Hablando de mayorías. 50.000 personas según la agencia EFE, 1.500.000 según Esperanza Aguirre, 2.000.000 según los organizadores. ¿Quién da más? Lo cierto es que para que se cumplan los cuantiosos datos de la Comunidad de Madrid y de los organizadores, según El Manifestómetro, tendrían que haber acudido 41,2 personas por metro cuadrado. Asombroso. Al final va a ser verdad que dios está en todas partes… Y allí estaba Aznar, junto a él, en primera fila, como el que más. Lástima que ahora salga a la calle por el derecho a la vida, y no lo hiciera en 2004 cuando toda España salió a la calle en contra de la guerra. Aquellas vidas, las de los irakíes y también las de los españoles, no había que defenderlas.
Pero no sólo la Iglesia y la derecha están que lo tiran.

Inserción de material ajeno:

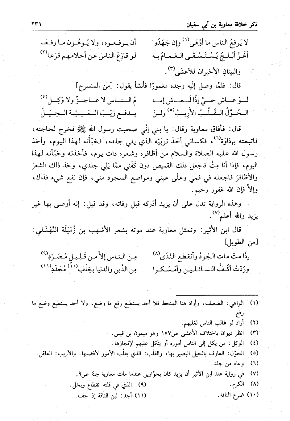 قال ابن الأثير : وتمثل معاوية عند موته بشعر الأشهب بن زميلة النهشلي :

También en el PSOE. El efecto Obama, que ya es peor que el efecto 2000, sigue haciendo efecto, valga la redundancia, en la corrompida política nacional. Y Zapatero lo demuestra día sí, día también, a parte del jurado del Premio Nobel de la Paz. Ahora le promete al jeque árabe de occidente enviar guardias civiles a Afganistán. Primero soldados, después guardias civiles… En el PSOE deberían ir pensando en abortar ciertas ideas si quieren seguir gobernando seguir siendo de izquierdas. Pronto José Luis nos venderá a Obama, prometiéndole ciudadanos para Afganistán. Id preparando las maletas. “Españoles, la razón ha muerto”.
Soy Julio Mateo Castillo. Un canario llamado a consultas por tierras peninsulares. Vivo en Madrid, donde estudio las carreras de Sociología y Ciencias Políticas en la Universidad Carlos III.
Desde muy pronto mi abuela y mis padres supieron que esto de la política y el periodismo iba a ser lo mío. Desde niño pedía que me regalaran micrófonos para hacer “programas de radio” desde el traspatio de la casa. Ahora, la cosa ha empeorado. En mi pueblo, Gáldar, edito desde 2006 un periódico local que me ha hecho pasar por los juzgados por denuncias del alcalde. Además, he trabajado ayudando a construir otros medios online y webs.
Con mi llegada a Madrid, me incorporo a la sección madrileña de la asociación europea JEF (Jóvenes Europeos Federalistas). Soy su responsable de Tecnologías de la Información.